From "Even Funnnier Looking Now":
If someone had asked me then,
Do you suffer from the umbrage of dawn's
dark race horses, is your heart a prisoner
of raindrops? Hell yes! I would have said
or No way! Never would I have said,
What could you possibly be talking about?
I had just gotten to the twentieth century
like a leftover girder from the Eiffel Tower.
My Indian name was Pressure-Per-Square-Inch.
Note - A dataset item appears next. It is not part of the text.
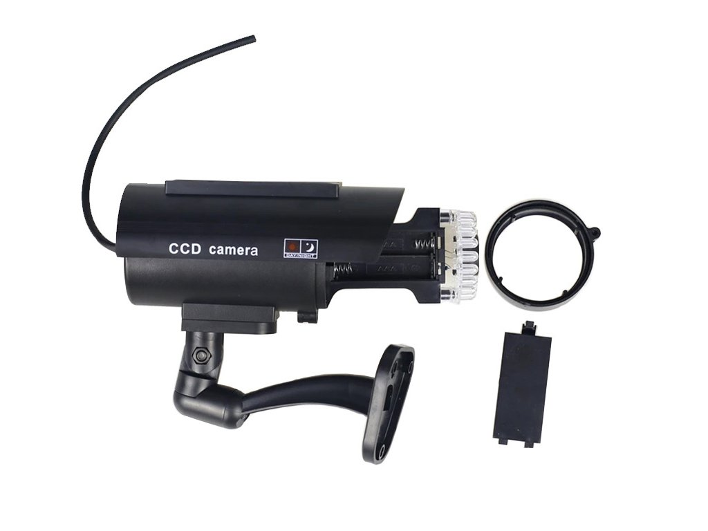 Atrapa kamery je vysoce kvalitní imitací skutečné monitorovací kamery CCTV. Blikající červená dioda vytváří dojem 24hodinového monitorování.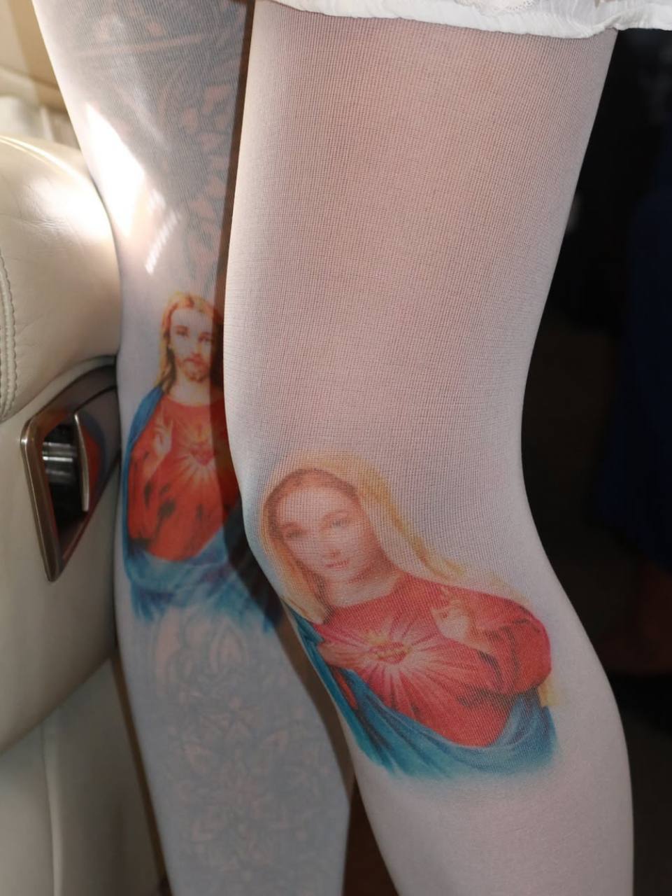 Блогерку Тетяну Коряк розкритикували за колготи з релігійним принтом на колінах

I knew I was made of glass but I didn't
yet know what glass was made of: hot sand
inside me like pee going all the wrong
directions, probably into my heart
which I knew was made of gold foil
glued to dust . . .
PUBLISHERS WEEKLY
After 10 books over 20-odd years, Young (Fall Higher) has become one of our most imitated poets: his jocular jumps from topic to topic, debts to Surrealist dream-logic, mixture of postmodern oddity, stand-up comedy and weighty pathos land his work somewhere between John Ashbery (to whom Young owes much) and Billy Collins (whose affability Young shares). This big first retrospective establishes Young's limits along with his strengths: poems that accrete one-liners for comic wisdom ("How goofy and horrible is life") sit beside extended anecdotes in older modes, like "Three Weeks Late" (about a potential pregnancy). Young received a heart transplant in 2011, and it's easy to spot his mortality: "Here is a semitransparent pebble I picked up/ on the way to my EKG." Young reprints poems in alphabetical order by title, making it impossible for readers to know which are old or new, as if he meant to disguise any development. The poems can go anywhere, from anywhere, almost too easily detractors find it hard to tell them apart: "What about Beethoven's/ deafness, cunnilingus, what is the best way/ to cook fish?" Random comedy rules; yet sadness is never far off even his weirdest lines can pivot to sum up the human condition.